By prisnersdilema, March 15, 2011 at 11:56 pm Link to this comment

It’s much too late, for any warnings, because mankind no longer has the ability to make
use of any information that is not in the form of a T.V. Commercial, talk show, or
sermon.

As a child I used to imagine how wonderful the future would be, the future progress of
man seemed guaranteed by science.  Eventually science would free us, from problems
that have plagued mankind since the dawn of time, war, poverty, disease. All would be
conquered in turn. Eventually we would become a type II civilization. 

Yet some scientists believed that maybe the reason why we, were never able to
establish contact with another civilization in outer space was because, they blew
themselves up, or died in some unfortunate planetary accident ala deep impact. 

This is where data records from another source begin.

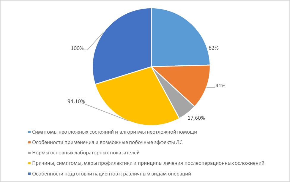 100 % опрошенных требуют от медицинской сестры знаний о подготовке пациентов к различным видам операций. Большинство отметили необходимость в знаниях причин, симптомов, мер профилактики и принципов лечения послеоперационных осложнений (94,1%) и симптомов неотложных состояний и алгоритмов помощи при их развитии (82%). Чуть меньше половины респондентов (41%) считают необходимыми знание медицинской сестрой особенностей применения лекарственных средств и возможные побочные эффекты при их введении и всего лишь 17,6% - знание норм основных лабораторных показателей.
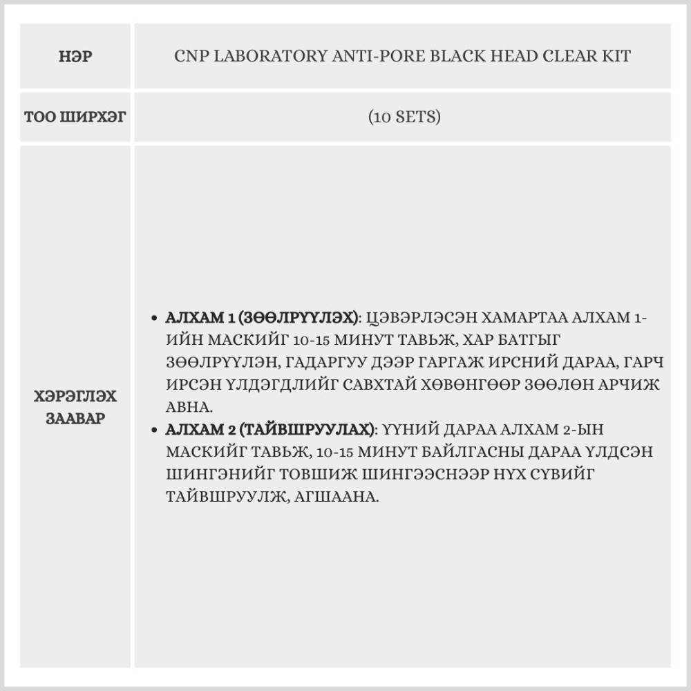 CNP Laboratory Anti-Pore Black Head Clear Kit 10 Sets /Хамрын Маск/
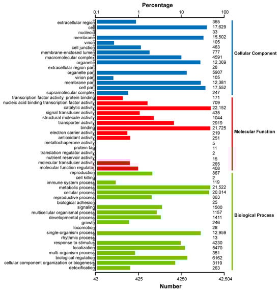For the GO analysis, 42,504 unigenes were annotated into three categories—molecular function, cellular component, and biological process (Figure 5; Table S5). Most transcripts clustered into the “catalytic activity” (22,152 unigenes), “binding” (21,725 unigenes), “metabolic process” (21,522 unigenes), and “cellular process” (20,014 unigenes) categories. In addition, the KEGG annotation is also illustrated in Table S4.
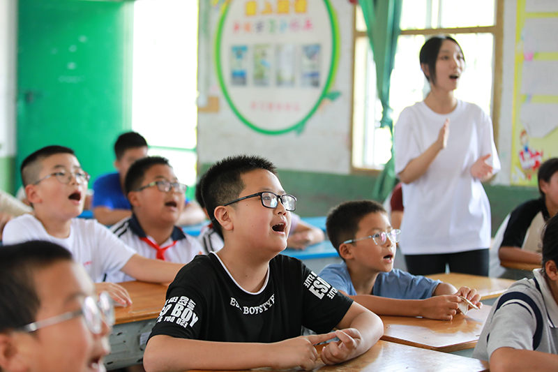 三明學院教育與音樂學院“一路陽光”教育關愛實踐隊的大學生志願者發揮專業優勢,結合羅坊中心小學師生實際情況,設計了豐富多彩的暑期支教內容,特別是通過美育教育提升他們的綜合素養。圖為音樂專業的大學生教唱《祖國不會忘記》,孩子們被歌曲背後的奮鬥故事深深吸引,稚嫩童聲唱響深沉愛國情。
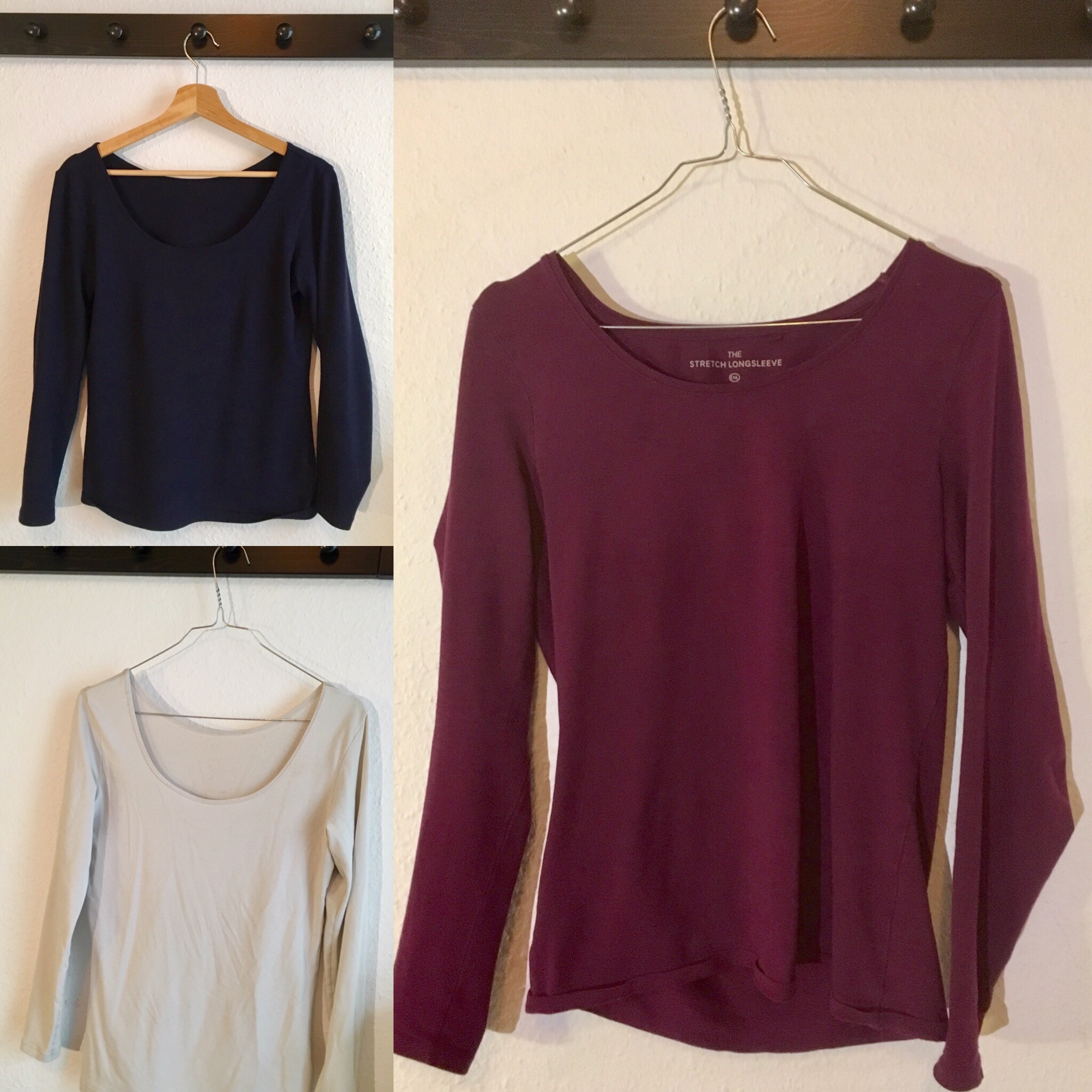 Drei langärmlige – blau und weiß (Uniqlo, von 2017), lila (Second Hand geschenkt , von 2018)
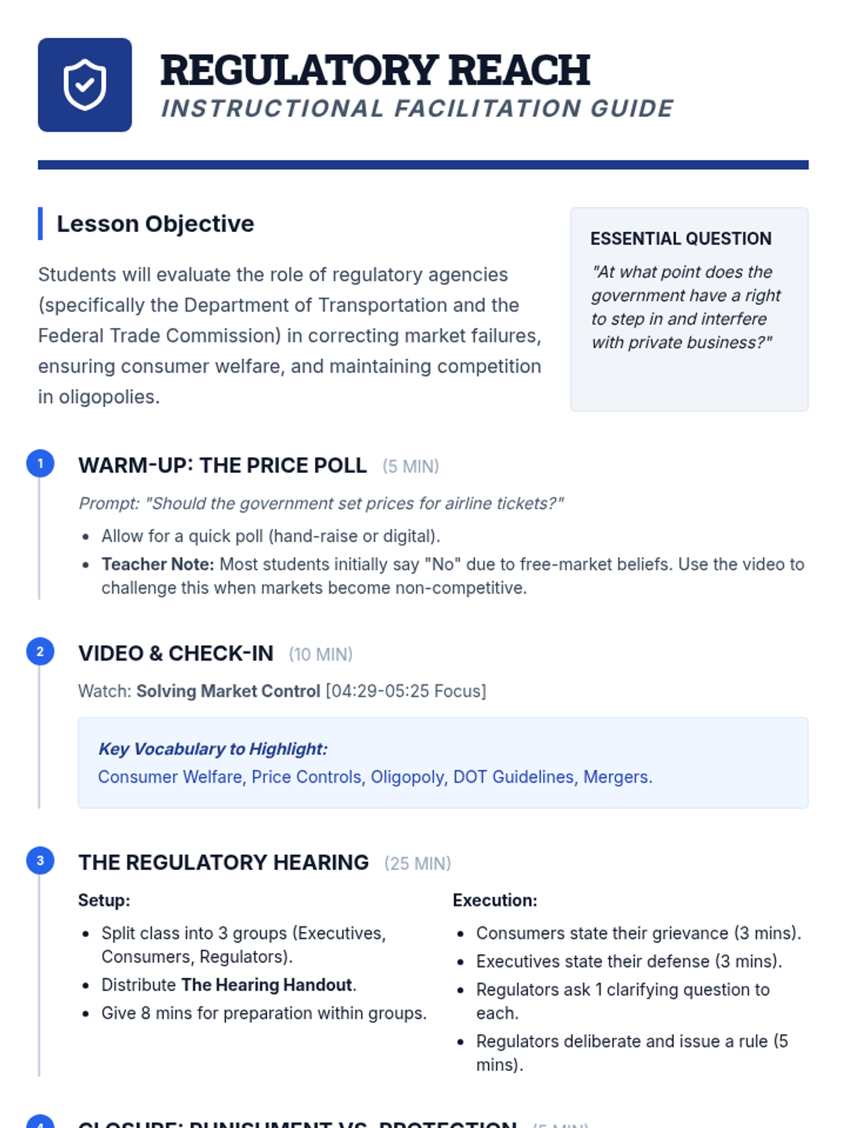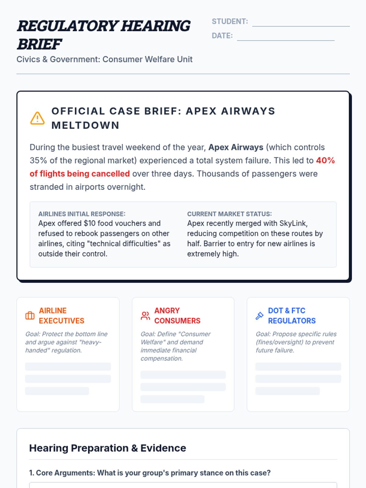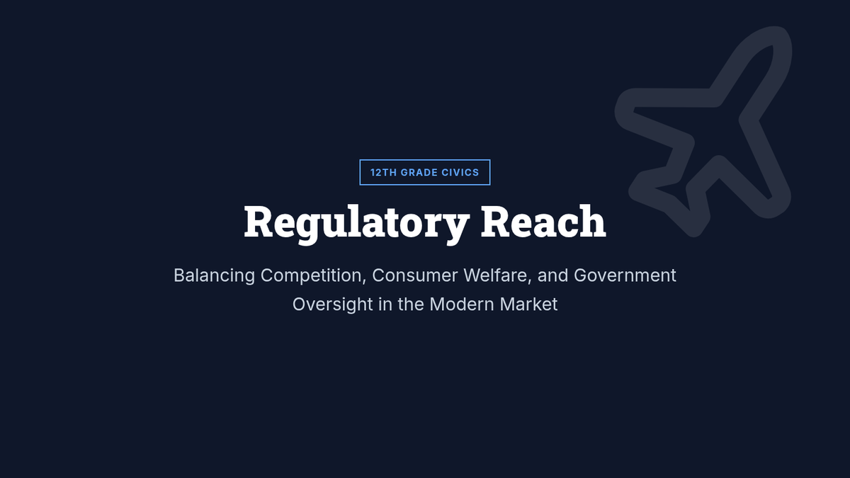 A 12th-grade Civics lesson exploring government regulation through the lens of the airline industry. Students analyze the roles of the DOT and FTC, watch a targeted video on market controls, and engage in a mock regulatory hearing to balance corporate interests with consumer protection.

There is another possibility. Maybe the just go mad. That’s what’s happening to us now,
we’ve gone mad. And like all madman we’ve lost the ability to see into our own
madness. So reason will no longer prevail, because our leadership are the most
disturbed of us all.

Report this

By TDoff, March 15, 2011 at 7:01 pm Link to this comment

Amy, you’re on to something here. If you want to make a career out of publishing prescient warnings that the oblivious human race will ignore, here’s a tip:

Get yourself a gross of packets of Post-It notes and a Bible. Open the cover and start reading. Every time you find a pertinent warning or cautionary tale, write it up and get it published. Mark the page with a Post-It, so you don’t run the risk of repeating yourself with the same warning. (Many of the biblical stories are redundant, and it’s damned difficult to keep track of them all).

That should set you up for life. Well, I can’t be sure of that, since I have no idea how old you are. But should you finish the Bible, and have some time left, you could start on Aesop.